Öko-faire Schoko-Nikolos am Vormarsch

Rechtzeitig vor dem Nikolaus-Fest haben die Menschenrechtsorganisation Südwind und die Umweltschutzorganisation Global 2000 am Dienstag ihren traditionellen Schoko-Nikolo-Check veröffentlicht. Das Ergebnis war heuer erfreulich: Öko-faire Schokolade-Erzeugnisse sind kein Nischenprodukt mehr. Fünf Produkte erhielten die doppelt-grüne Bestnote, wie es in einer Aussendung hieß. Ein Drittel der Produkte fiel aber durch.

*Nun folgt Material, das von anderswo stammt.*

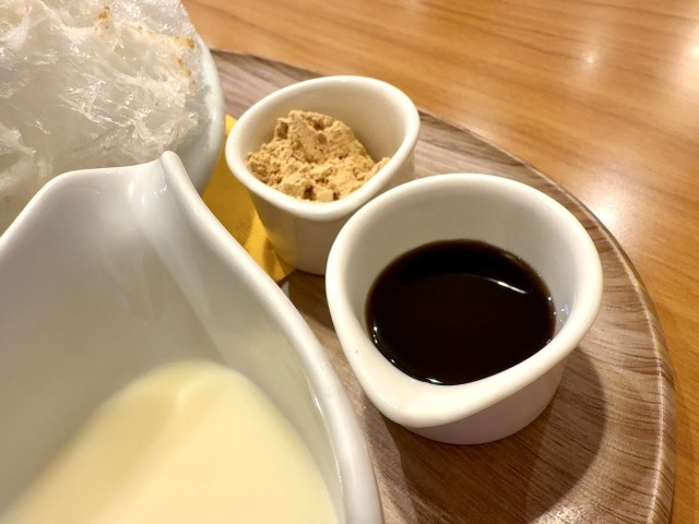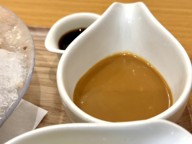 味変のための「別添えシロップ」はココスのかき氷の代名詞だ。今回はコーヒーシロップ、キャラメルシロップ、ミルクシロップが付属。写真ではわかりにくいが、どれもカップほどもある容器に、たっぷり入っている。「味が足りない」という事態には決してならないだろう。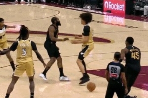 GIF-哈登不看人妙傳米切爾空切放籃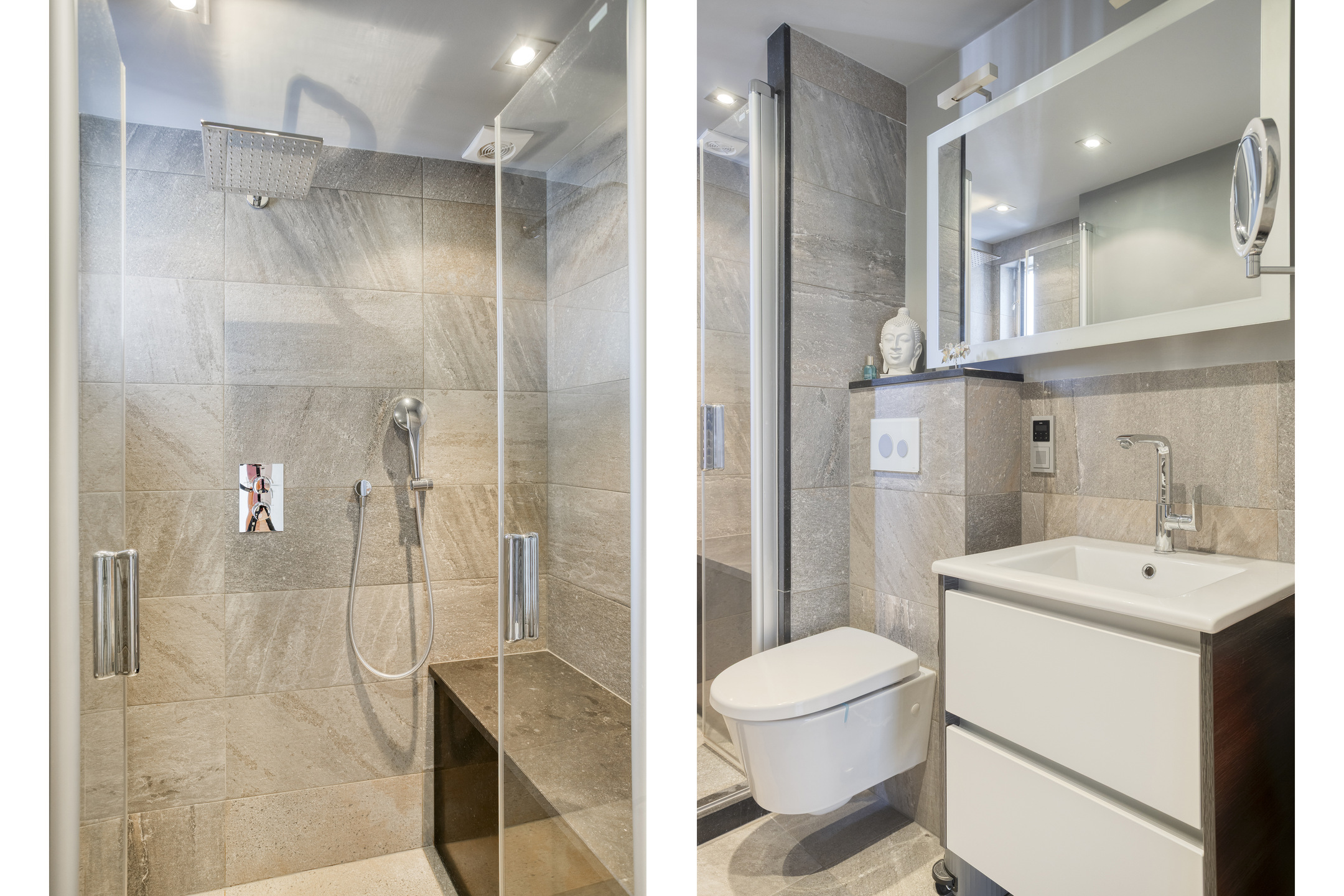 richting de naastgelegen woningen. Badkamer 3 is uitgerust met een design inloopdouche, een toilet en een wasmeubel.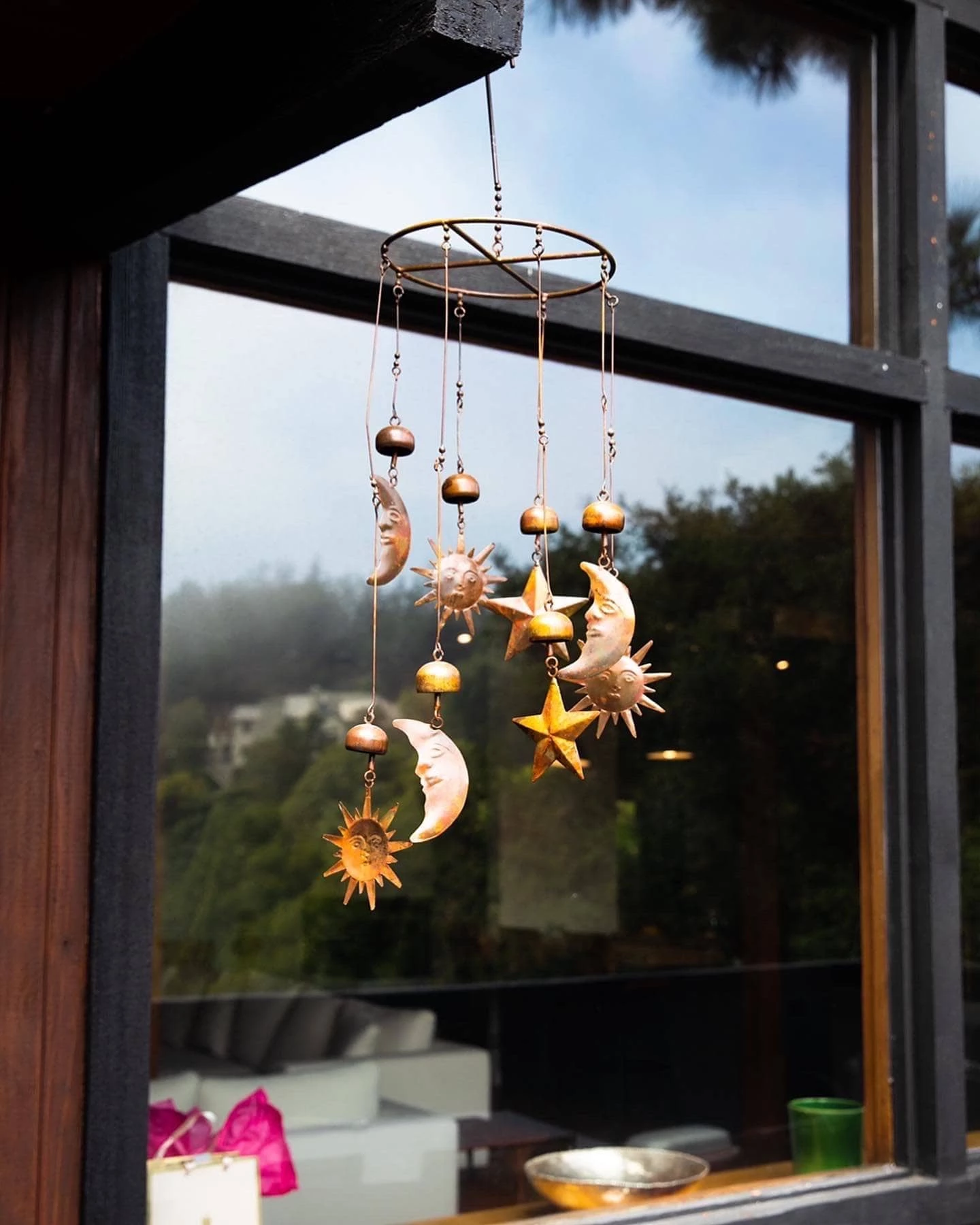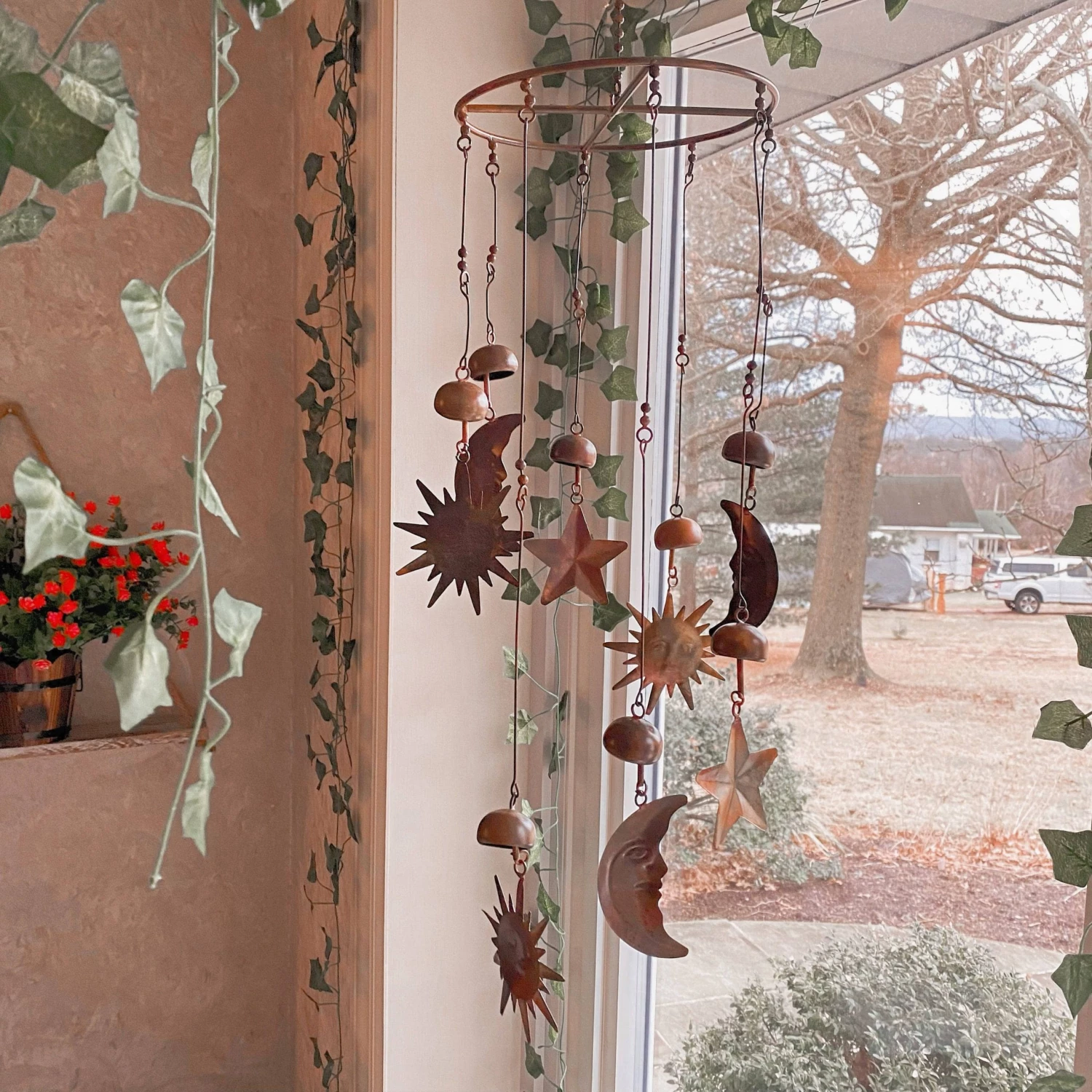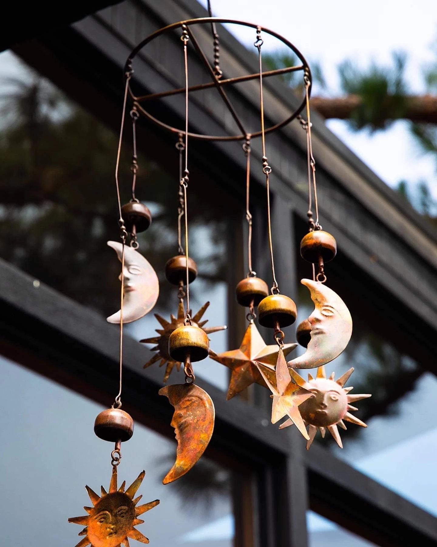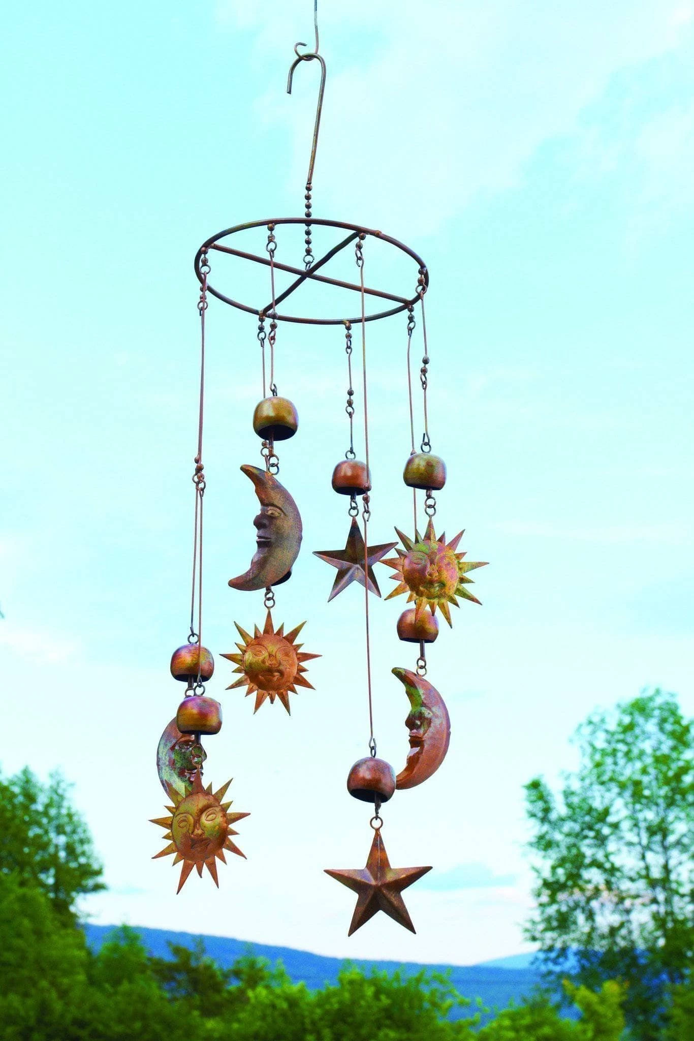 Bring the sun, moon and stars into your own backyard with this celestial mobile. The circular mobile, which also features bells, chimes gently when it sways in the breeze. The natural-colored pendants go well with just about every style of home and garden, making this piece a great gift for friends and family. Like all Happy Gardens mobiles, this item has been individually handcrafted.

Erstellt am 23. November 2021 | 11:15
Nikolo kann mehr faire Schokolade bringen
Nikolo kann mehr faire Schokolade bringen
Foto: APA/THEMENBILD

Insgesamt überprüften die NGOs 24 Schoko-Nikolos auf ihre soziale und ökologische Verträglichkeit und bewerten beide Kategorien nach den Ampelfarben mit grün, gelb oder rot. Fünf Produkte erhielten heuer die doppelt-grüne Bestnote und sind sowohl Fairtrade- als auch Bio-zertifiziert. Im Vorjahr waren es noch vier. Sieben weitere überzeugten demnach zumindest in einem der beiden Bereiche. Für Südwind und Global 2000 war besonders begrüßenswert, dass die Schoko-Nikolos der großen Handelsunternehmen mit Bestwertungen punkten.

"Öko-faire Schokolade ist heute erfreulicherweise kein Nischenprodukt mehr, sondern fast flächendeckend erhältlich. Umso wichtiger ist es, dass die verbleibenden schwarzen Schafe der Schoko-Branche endlich aufholen. Denn schließlich will niemand bewusst Schokolade verschenken, die auf Kinderarbeit zurückgeht, Naturzerstörung befeuert oder gesundheitsgefährdende Pestizide enthält", so Angelika Derfler von Südwind und Martin Wildenberg von Global 2000.

Mit der Bestnote versehen wurden der "EZA-Schoko Nikolo" aus den Weltläden, der "Billa Bio Schoko Nikolo", der "Spar Natur Pur Bio-Nikolaus", der "Heindl Weihnachtsmann" sowie der "BIO Natura", erhältlich bei Hofer. Ein Drittel der getesteten Figuren fiel bei dem Check aber durch. Von den zehn negativ bewerteten Nikolos führten sieben keine Siegel an und verwiesen stattdessen auf unternehmenseigene Nachhaltigkeitsprogramme, drei blieben gänzlich ohne Angaben.